### Exercise objective
Retype the records below exactly as they appear, but leave out any pictures.

-------- Task inputs --------

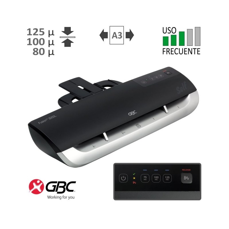 Perfecto a la primera, en la mitad de tiempo. Ideal para el usuario frecuente doméstico o de oficina, la plastificadora Fusion 3000L formato A3 garantiza grandes resultados de forma rápida. Elegante y compacta, está lista para su uso en 1 minuto y plastifica un documento individual hasta tamaño A3 en solo 30 segundos, empleando Fundas plastificar de 2 x 75/80 a 2 x 125 micras. Una guía ajustable para Fundas plastificar y una bandeja de salida mantienen los documentos alineados de forma precisa y perfectamente planos.
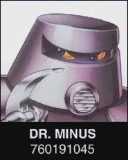 Dr. Minus is a robotic (or cybernetic) villain, who's obsessed with Subtraction. He planned to destroy the entire Galactic Forces base, one ship at a time. He shot down Blasternaut's ship, as it searched for the Lost City. He was later defeated when Blasternaut and his friends reactivated the Lost City Ship; his whole fleet was no match for that ship. ("Math Blaster 2: The Lost City")
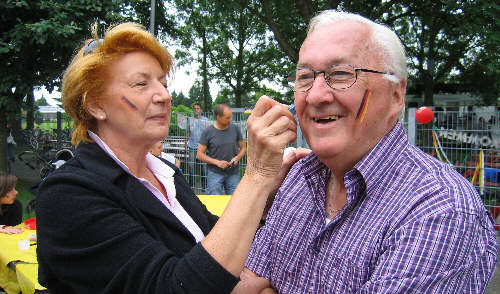 Brigitte versieht die Besucher mit der Kampffarbe für das Public Viewing. |
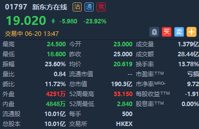新东方在线(01797.HK)今日(20日)股价急回逾两成,截至发稿最新报19.32元,跌23.92%,市值190.3亿港元,公司旗下「东方甄选」抖音直播间截至今日上午录粉丝逾1,688万名。
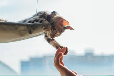 Cute little bengal kitty cat laying on the cat's window bed toching man's hand with it's paw. Sunny seat for cat on the window. Copy space.

--------

### Answer box
 Perfecto a la primera, en la mitad de tiempo. Ideal para el usuario frecuente doméstico o de oficina, la plastificadora Fusion 3000L formato A3 garantiza grandes resultados de forma rápida. Elegante y compacta, está lista para su uso en 1 minuto y plastifica un documento individual hasta tamaño A3 en solo 30 segundos, empleando Fundas plastificar de 2 x 75/80 a 2 x 125 micras. Una guía ajustable para Fundas plastificar y una bandeja de salida mantienen los documentos alineados de forma precisa y perfectamente planos.
 Dr. Minus is a robotic (or cybernetic) villain, who's obsessed with Subtraction. He planned to destroy the entire Galactic Forces base, one ship at a time. He shot down Blasternaut's ship, as it searched for the Lost City. He was later defeated when Blasternaut and his friends reactivated the Lost City Ship; his whole fleet was no match for that ship. ("Math Blaster 2: The Lost City")
 Brigitte versieht die Besucher mit der Kampffarbe für das Public Viewing. |
新东方在线(01797.HK)今日(20日)股价急回逾两成,截至发稿最新报19.32元,跌23.92%,市值190.3亿港元,公司旗下「东方甄选」抖音直播间截至今日上午录粉丝逾1,688万名。
 Cute little bengal kitty cat laying on the cat's window bed toching man's hand with it's paw. Sunny seat for cat on the window. Copy space.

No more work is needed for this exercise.